Ok, comedy lesbians are a type of character that shows up a lot in anime/Visual Novels/Light Novels/games etc (I have seen a few in western works, but I'm gonna focus on the Japanese side). There are several variations on the concept but the key elements are as follows.
First, they are always a secondary or tertiary character, if part of the main cast they will usually get the least amount of focus.
Second, their entire personality revolves around "liking girls". Sometimes this is just any girl who's attractive or cute enough (like Soleil) or sometimes it will be one specific girl that they focus all their energy on.
Third, their feelings aren't reciprocated. This itself isn't an issue, but it is in concert with the next point
Fourth, their feelings aren't treated as being "real" or "serious" by the other characters or the author/writers. They frequently get dismissed as being childish, are told to grow up and get over these silly infatuations, and often explicitly are told they need to find a man.
Fifth, these characters are often over-aggressive to the point of actively molesting other girls (breast groping in the bath, etc) and older versions of this type of character often come off as explicitly predatory and rapey.
Sixth, they never get a girlfriend. The story will either end with their feelings explicitly rejected or they will be paired up with a male character who effectively "cures" them. this is most common in Visual Novels, when the character has a route with the MC and very often he will literally fuck the gay out of her.
Perhaps the most well known of this sort of character is Shirai Kuroko from the "A Certain Magical Index" and "A Certain Scientific Railgun" series. She tics off a lot of these ponits. She's hyper-aggressive and almost rapey to the object of her affection, her feelings aren't treated as being serious by other characters or the writer. Despite her being a powerful teleporter, she's frequently undermined by the story, often using her crush on Mikoto to do so.
Soleil hits almost all of these points. She's actually almost the perfect example of a Comedy Lesbian.
So, why is this bad? Can lesbians not be in comedies or used for jokes? Not at all. This is a problem because it reinforces the idea that a girl loving girls isn't "real" love.

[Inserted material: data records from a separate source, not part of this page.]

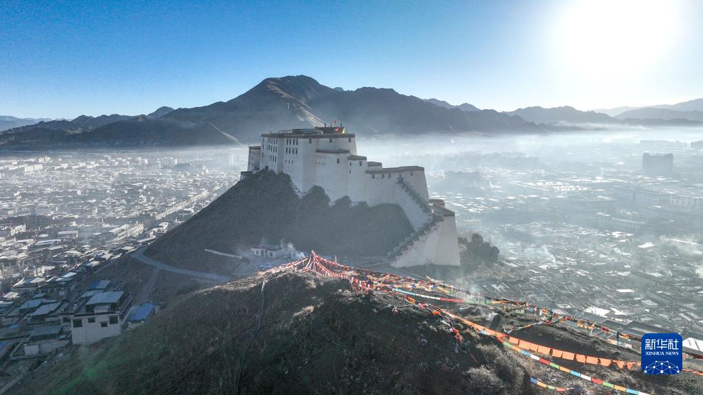 1月24日拍攝的日喀則市的清晨(無(wú)人機照片)。西藏日喀則地方藏歷農家新年期間,藏族群眾沿襲傳統,一大早就在山頂和自家屋頂上豎起新經(jīng)幡,祈愿新年風(fēng)調雨順、國泰民安。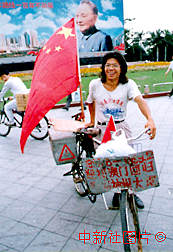 中新社傳真 陳文 攝 湖南省武崗二十五歲的農(nóng)民李孝富為迎接澳門回歸,騎自行車十五個月,行程約三萬八千公里,十一月十二日抵達(dá)深圳。 |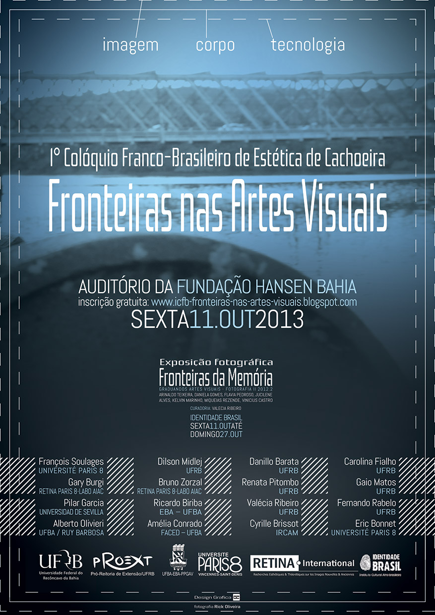 Nesta sexta-feira, 11, a partir das 8h30, acontece o I Colóquio Franco-Brasileiro de Estética de Cachoeira: Fronteiras nas Artes Visuais, no Auditório da Fundação Hansen Bahia, na cidade de Cachoeira. O evento faz parte das atividades do grupo de pesquisa RETINA.International em 2013, no ciclo de pesquisa “Dialogues Frontieres” (Diálogos de Fronteiras), e é uma realização da parceria entre a Université Paris 8, a Universidade Federal do Recôncavo da Bahia (CAHL-Artes Visuais) e a Universidade Federal da Bahia (PPGAV – EBA-Escola de Belas Artes).
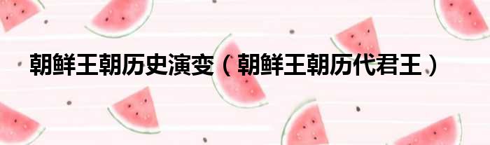 朝鲜王朝历史演变(朝鲜王朝历代君王)
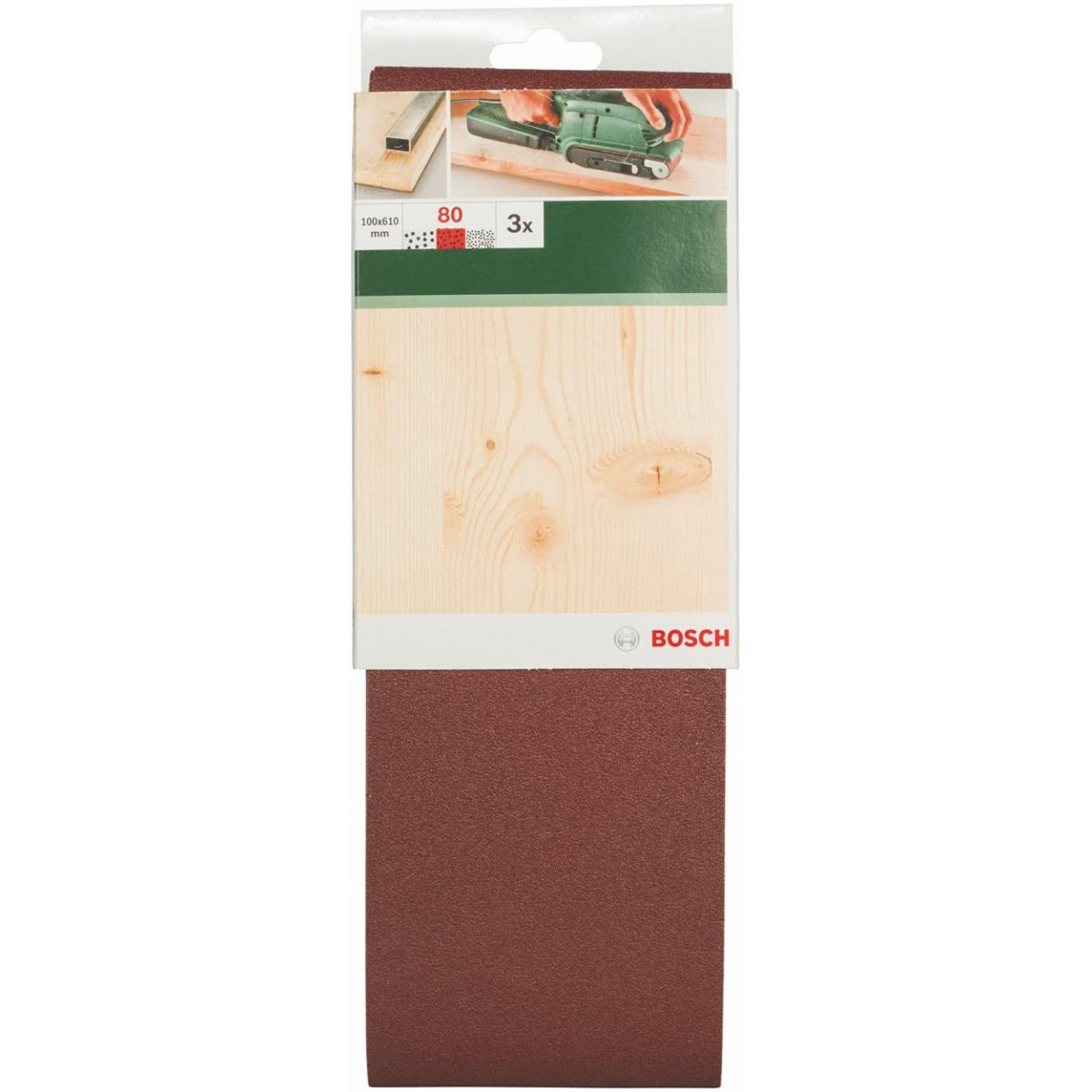 Bosch 3 Nastri abrasivi per levigatrice a nastro RedWood 100x610 mm, G80, con fissaggio a staffa, non forati, 3pz nella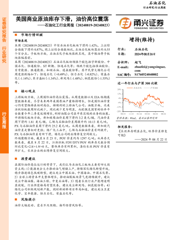 【甬兴证券】【20240826】20240826-甬兴证券-石油化工行业周报:美国商业原油库存下滑,油价高位震荡-11页 行业研究

That its a childish phase they will grow out of, or for older ones, a threatening figure that will assault and defile "proper" straight girls. Much the same way that a stereotypical flamboyant gay male depiction is frowned upon due to negative stereotypes, the Comedy Lesbian is effectively that trope, but for girls.
Now, its entirely possible to do comedy with lesbian characters. The key is the punchline should never be "Ha ha she likes girls isn't that ridiculous!" which is, ultimately, what Soleil's character boils down to. And in fact several posters here have said that. Asking why we're getting upset over a clearly comedic character and we shouldn't be taking it so seriously.
A girl liking girls should not be funny. Is the idea of boy liking girls funny? Is that ever a punchline? of course not, because its seen as normal and expected. There are plenty of jokes you can make out of a boy liking girls, through his actions or his words or situations he finds himself in.
The same thing can be done with lesbians. There is an anime, "Yuruyuri", its title can be translated (with some versimilitude) as "Lazy Lesbians". Its all about a group of girls who like girls. But thats not the joke. The fact that they are lesbians isn't ever explicitly commented on or used as a punchline. The jokes all come from how they deal with their budding feelings and how ridiculous love can make people act.
By making Soleil's attraction to women a joke, and giving her only male partners to marry, they effectively are saying homosexual attraction is improper and wrong, and needs to be fixed. This is not something that the writers explicitly set out to do, but its a result of a mindset that doesn't really take the idea of homosexuality seriously as anything but a weird personality quirk.
I hope this helps explain the fundamental flaw in how Soleil was written from the beginning, and how the support with the Male MC is a symptom of the problem, not the problem in and of itself.